Subject Company: InterXion Holding N.V.

Filer’s SEC File No.: 001-35053

Dear Customer,

I am writing to share the news that Interxion has entered into a definitive agreement to combine with Digital Realty, a global provider of data centre, colocation and interconnection solutions. This is a unique opportunity to create a global platform and we expect this combination will enhance the products and services we offer our customers, as well as your ability to participate in communities of interest around the world.

Press release here.

Digital Realty is a public company with operations around the world, including North America, Europe, Asia, Latin America and Australia. By bringing together our highly complementary businesses, we will be in an even better position to serve our customers and create unique expansion opportunities across an even greater number of important and high-growth metro areas.

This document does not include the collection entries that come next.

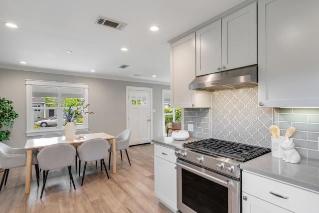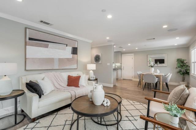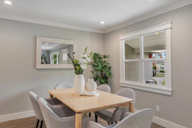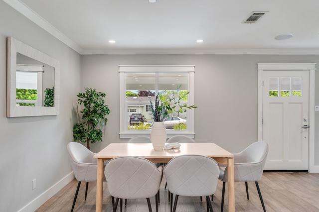 Where form, function, scale, and light seamlessly coexist, this completely renovated and expanded 4BR/2BA showpiece in San Mateo Village offers a transformative living experience. Elegantly composed and spanning approximately 1,536 SF, the refined floor plan is elevated by wide plank flooring, crown moldings, premium millwork, contemporary fixtures, and a designer color palette. The spacious living room flows effortlessly into the dining area and ideally positioned kitchen, beautifully appointed with quartz countertops, shaker cabinetry, a gas range, and stainless-steel appliances. Privately situated, the magnificent primary suite is distinguished by a soaring cathedral open-beam ceiling, direct access to the rear deck, a walk-in closet, and a sumptuous bath featuring a skylight, dual vanities, and an impressive, oversized shower. Three additional bedrooms, a full bath, a laundry room, and an attached one-car garage complete the interior. Outside, an inviting lounging terrace transitions seamlessly to a pergola-covered dining pavilion with integrated heaters, a built-in barbecue, and an artisan pizza oven, creating an exceptional setting for year-round outdoor enjoyment. A sizable lawn, expansive paved side yard, and storage shed further enhance the thoughtfully designed grounds.
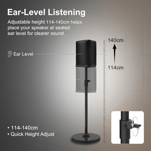 - Height Adjustable 114–140 cm for Better Coverage: Adjust from 114 cm to 140 cm to lift sound above tables and crowds. This floor speaker stand for Bose helps improve clarity and reach for gigs, rehearsals, and presentations.
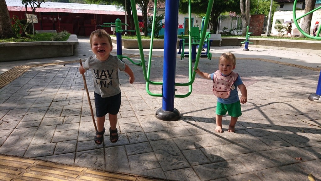 Von Cali aus ging es am 18.12. weiter Richtung Norden nach Armenia mit ca. 300.000 Einwohnern in eine deutlich kleinere Stadt. Für die ca. 200 km mussten wir etwa 4 Stunden reine Fahrzeit einplanen. Unsere Mittagspause verbrachten wir in einem sehr kleinen Dorf nahe der „Autobahn“. Auf dem dortigen Marktplatz wurden wir mit unseren Jungs sehr schnell zur Hauptattraktion und waren nach kurzer Zeit von etlichen einheimischen Kindern umringt. Die Kids (ca. zwischen 6 und 12 Jahren) wussten nicht, dass es außer dem amerikanischen Kontinent noch weitere Kontinente wie Europa auf der Erde gibt und um so faszinierter waren sie von unseren Erzählungen. Es wurde viel gelacht, gespielt, gesungen und gegessen. Einer dieser unvergesslichen Reisemomente und das Bewusstsein, dass wir alle eine große „Menschenfamilie“ sind, egal welche Sprache, welche Kultur oder Herkunft. Wohlwissend, wie privilegiert wir sind, reisen zu können und im Wohlstand zu leben.
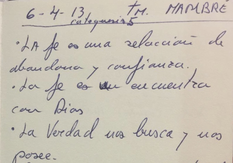 Este mes recogemos las frases escritas por Alberto en una tarjeta, el 6 de abril de 2013 después de una catequesis. Son mensajes importantes para él, que quería vivir con radicalidad y convencimiento. Sobre todo en los momentos difíciles donde las fuerzas flaqueaban o cuando aparentemente la Providencia no ayudaba.
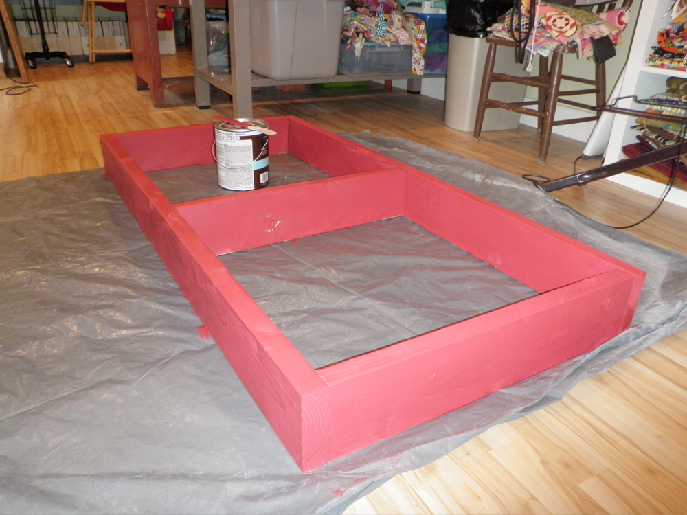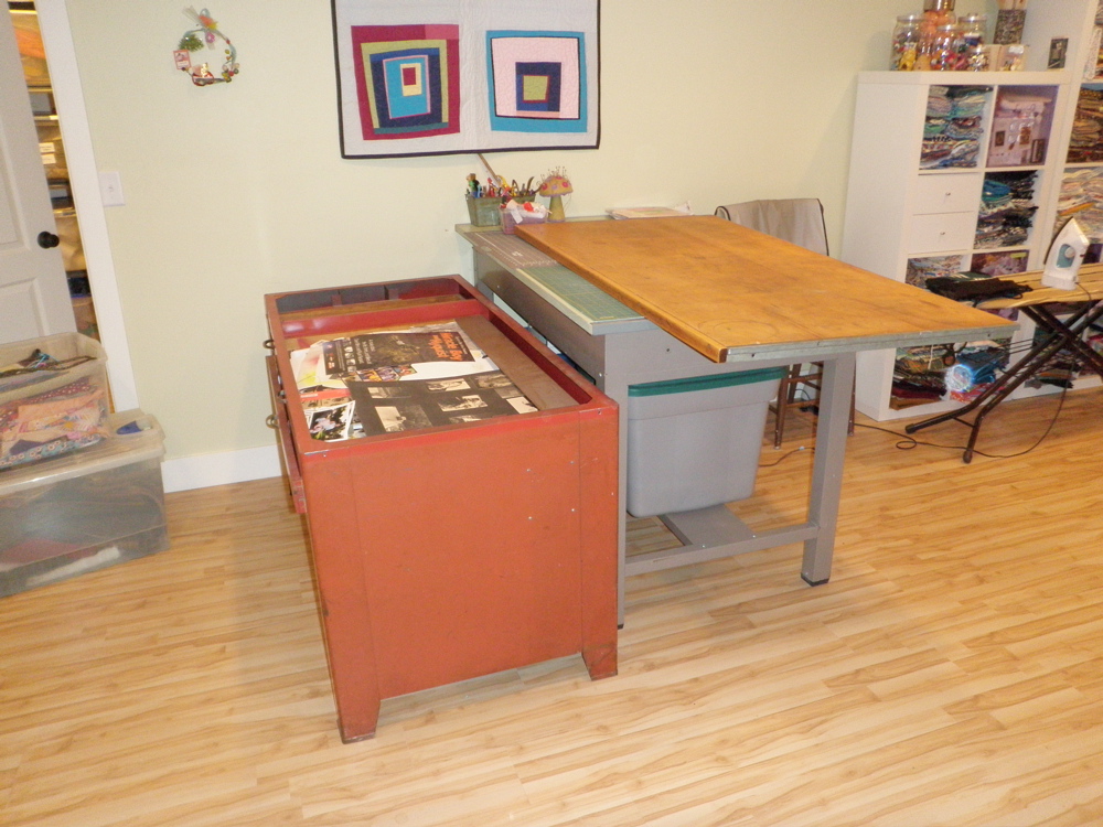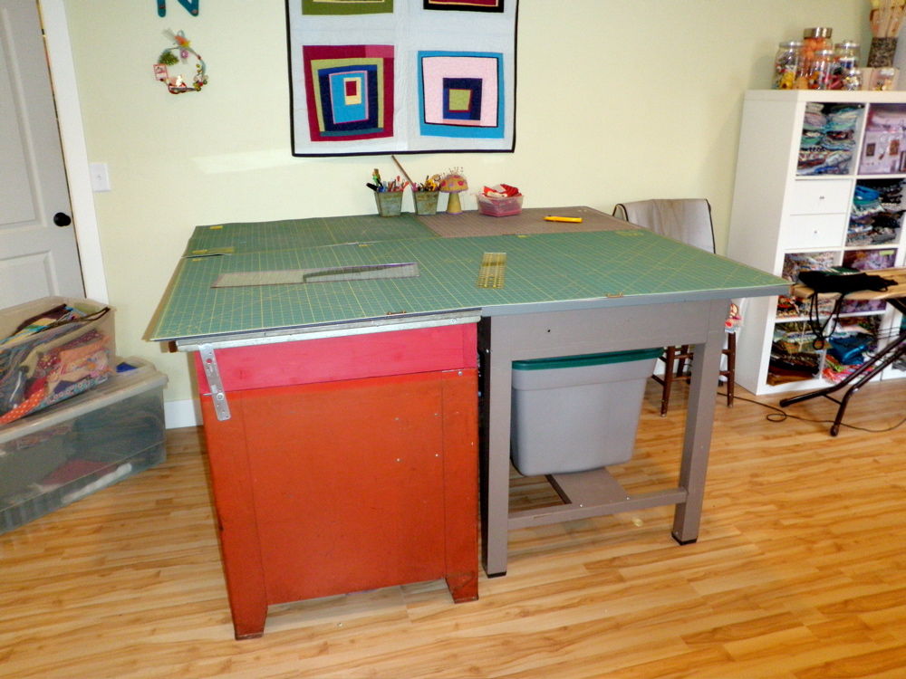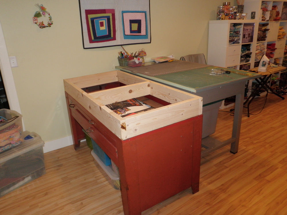 I have these two metal desk that we’ve picked up along the way, back to back in my sewing room. I love the standing/drafting desk. It’s the perfect height for cutting. The red desk is another story- it’s one redeeming quality is the long drawers underneath for poster/big flat paper storage. Since this room has been moved into I’ve wanted to somehow raise up the red desk to standing height and make one big work surface.

Specific benefits to customers include:

 

   

Globally Expanding Connected Communities of Interest: The combined company will extend Interxion’s successful strategy of creating and enabling valuable communities of interest in Europe by extending it across the combined company’s global footprint. This combination will build upon Digital Realty’s successful track record of hyperscale development and will represent an extension of the connected campus strategy that empowers enterprise customers to leverage the right products – from colocation to hyperscale footprints – to create value by efficiently deploying critical infrastructure and seamlessly connecting to a robust and growing universe of cloud platforms and connectivity service providers. The combined company will be uniquely positioned to meet the growing global demand from cloud platforms, service providers and enterprises seeking colocation, hybrid cloud and hyperscale data centre solutions as IT architectures are re-engineered to support the explosive growth of data in modern business models.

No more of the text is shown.